Johannes Theodor Müller (28 November 1873 – 15 March 1953) also known as John Theodore Muller, was a German-Australian sculptor, best known for his carvings on the sandstone walls of University of Queensland's Great Court at its St Lucia campus in Brisbane.

== Life and career ==

According to Müller's biographer, John East, information about Müller's life is scanty because all his records were destroyed in a fire at his home on 5 July 1952. Nevertheless East was able to retrieve sufficient official records and other sources for his biography.

Müller was born on 28 November 1873 in Schandau, now known as Bad Schandau, Germany, then part of the Kingdom of Saxony.
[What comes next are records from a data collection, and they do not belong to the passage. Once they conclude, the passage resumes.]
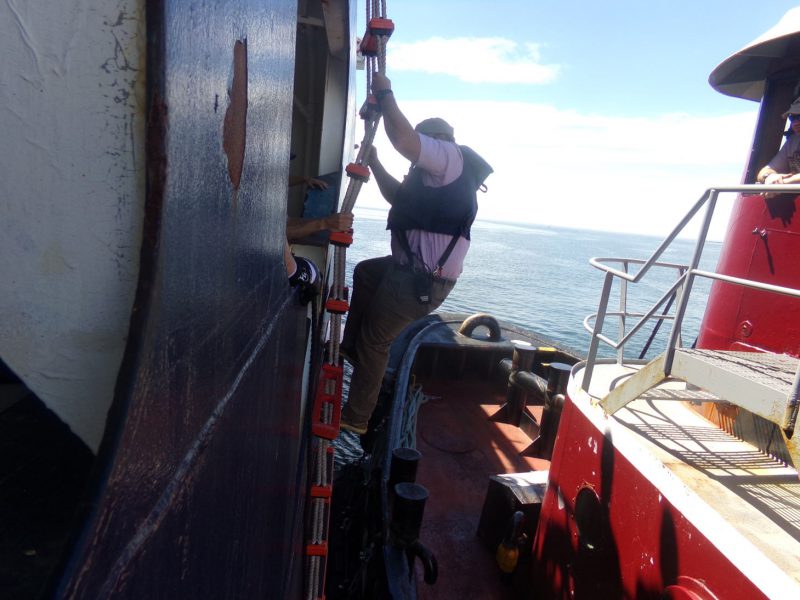 - The deck maintenance crew disassembles the gangway once it’s been brought on deck
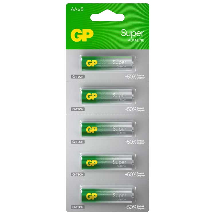 Батарейки GP LR6 Super Alkaline G-TECH 15AA21-2CRSC5 BL5 имеют емкость 2500 mA h
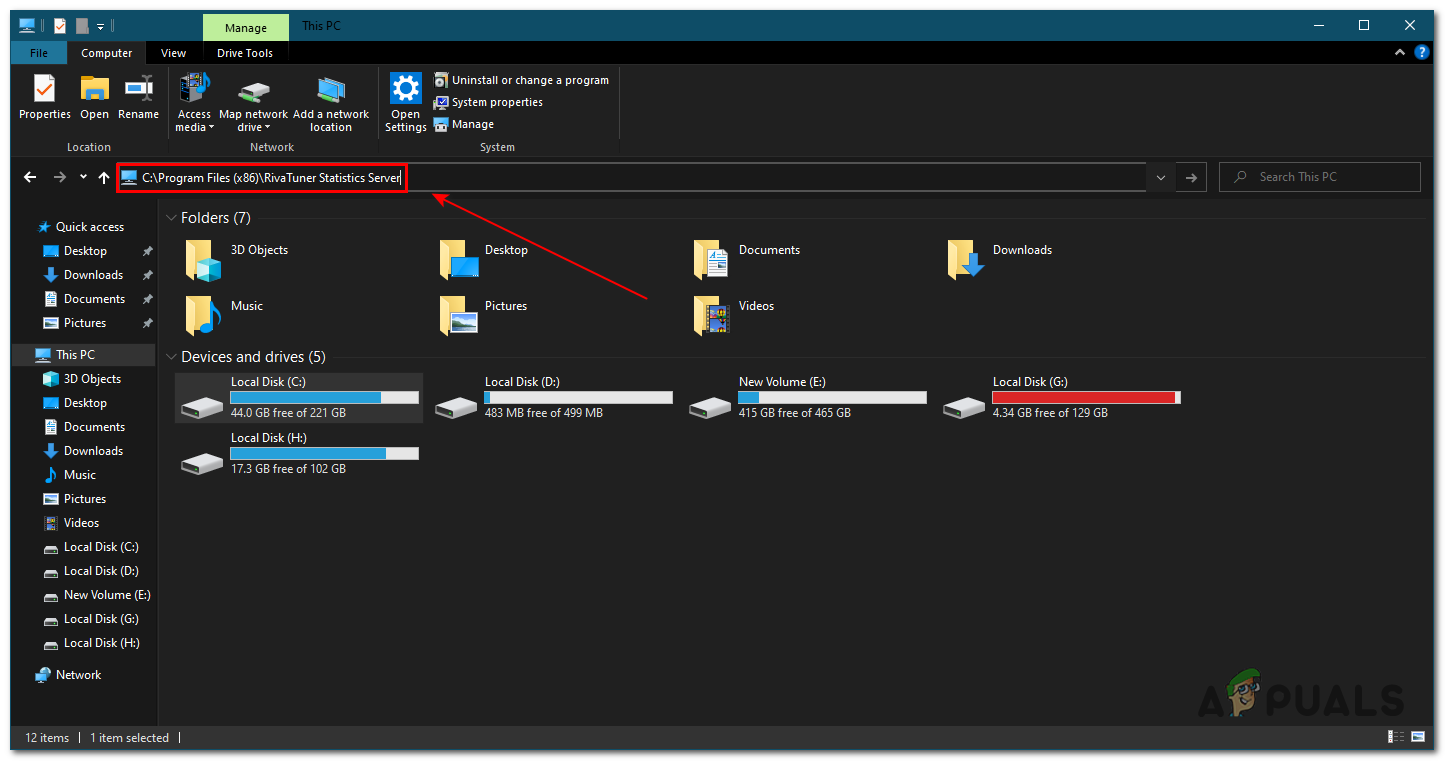 - On the resgestry paste this location “C:\Program Files (x86)\RivaTuner Statistics Server” (if have MSI Afterburner installed). Press enter

Müller was the fifth child of Carl Gottlob Müller (a member of the Royal Saxon Army, guarding the nearby border with Bohemia, now the Czech Republic) and Emma Alwine, née Gräfe.

After working briefly in London, in 1901 Müller began working in Berlin. In 1903, Müller travelled to Sydney Australia to begin a three-year contract with Wunderlich Limited making clay models of designs to be stamped into tin ceilings. He stayed with the company for eight years.

In 1905, Müller married and began raising a family. In 1908, he became a citizen of Australia. In 1911, Müller and his family moved to Brisbane where he established his own business, but then resumed employment at a new factory Wunderlich had opened in the city.

In the 1920s, Müller became involved with masonry work as a subcontractor, including on Brisbane's Treasury Building, on the Masonic Temple, and on the Brisbane City Hall. Müller's work on the city hall included carving lions' heads into the sandstone facings of the building.

In late 1929, Müller served as the chief assistant stone carver to Daphne Mayo who was responsible for the large tympanum crowning the central portico of the Brisbane City Hall.

After 1930, the Great Depression reduced building activity. In 1932, the Queensland State Government commenced large-scale construction of public buildings, including, in 1938, the University of Queensland at St Lucia. In 1939, Müller, Frederick McGowan (a Sydney stonemason), and Frederick Pilling (who had worked with Müller on the city hall) began carving decorations into the Helidon freestone facings. This was curtailed by the start of World War II. McGowan and Pilling both died in 1942, by which time Müller had resumed carving the decorations, including grotesques, for which Müller had complete artistic freedom.

Müller continued to work on the decorations until 1951 when ill-health forced him to take a break for several months. In April 1952 illness prevented him from doing any more work.

== Personal life ==

In January 1905, Müller married Kate Rose, a teacher who was 10 years younger than Müller. They had two children: a son, Max, in 1906, and a daughter, Louise, in 1907.

Müller died on 15 March 1953; Kate died on 26 July 1953.